In the material below, write out each line word for word and omit the pictures.

* Data block:
* * * * *

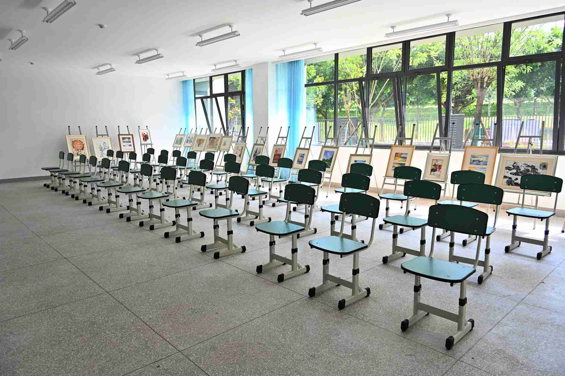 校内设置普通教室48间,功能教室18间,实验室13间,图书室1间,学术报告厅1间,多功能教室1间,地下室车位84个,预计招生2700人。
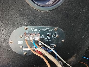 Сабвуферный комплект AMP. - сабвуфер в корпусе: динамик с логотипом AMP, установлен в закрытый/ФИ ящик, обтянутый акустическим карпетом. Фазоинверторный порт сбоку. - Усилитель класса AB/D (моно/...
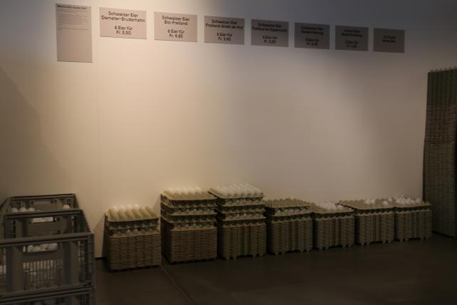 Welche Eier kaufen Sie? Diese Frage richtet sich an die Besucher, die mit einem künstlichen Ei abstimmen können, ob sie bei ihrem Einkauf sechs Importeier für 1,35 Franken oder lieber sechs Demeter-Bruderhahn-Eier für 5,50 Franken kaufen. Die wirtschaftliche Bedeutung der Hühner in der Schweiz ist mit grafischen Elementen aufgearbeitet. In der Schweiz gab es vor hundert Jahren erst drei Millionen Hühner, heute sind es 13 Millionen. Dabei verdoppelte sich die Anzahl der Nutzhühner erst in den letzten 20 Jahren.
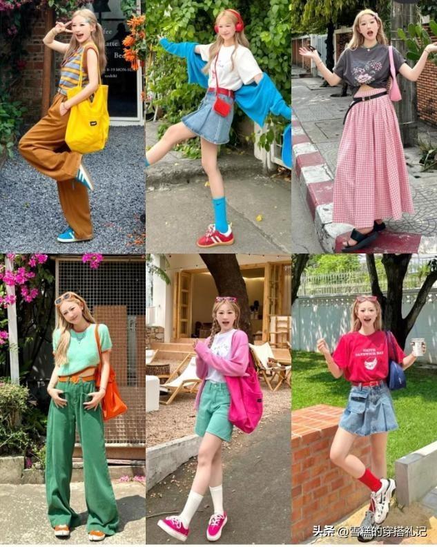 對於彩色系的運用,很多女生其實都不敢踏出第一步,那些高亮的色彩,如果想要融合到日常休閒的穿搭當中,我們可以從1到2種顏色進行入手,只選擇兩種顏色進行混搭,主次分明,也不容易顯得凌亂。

* * * * *

* Final answer:
 校内设置普通教室48间,功能教室18间,实验室13间,图书室1间,学术报告厅1间,多功能教室1间,地下室车位84个,预计招生2700人。
 Сабвуферный комплект AMP. - сабвуфер в корпусе: динамик с логотипом AMP, установлен в закрытый/ФИ ящик, обтянутый акустическим карпетом. Фазоинверторный порт сбоку. - Усилитель класса AB/D (моно/...
 Welche Eier kaufen Sie? Diese Frage richtet sich an die Besucher, die mit einem künstlichen Ei abstimmen können, ob sie bei ihrem Einkauf sechs Importeier für 1,35 Franken oder lieber sechs Demeter-Bruderhahn-Eier für 5,50 Franken kaufen. Die wirtschaftliche Bedeutung der Hühner in der Schweiz ist mit grafischen Elementen aufgearbeitet. In der Schweiz gab es vor hundert Jahren erst drei Millionen Hühner, heute sind es 13 Millionen. Dabei verdoppelte sich die Anzahl der Nutzhühner erst in den letzten 20 Jahren.
 對於彩色系的運用,很多女生其實都不敢踏出第一步,那些高亮的色彩,如果想要融合到日常休閒的穿搭當中,我們可以從1到2種顏色進行入手,只選擇兩種顏色進行混搭,主次分明,也不容易顯得凌亂。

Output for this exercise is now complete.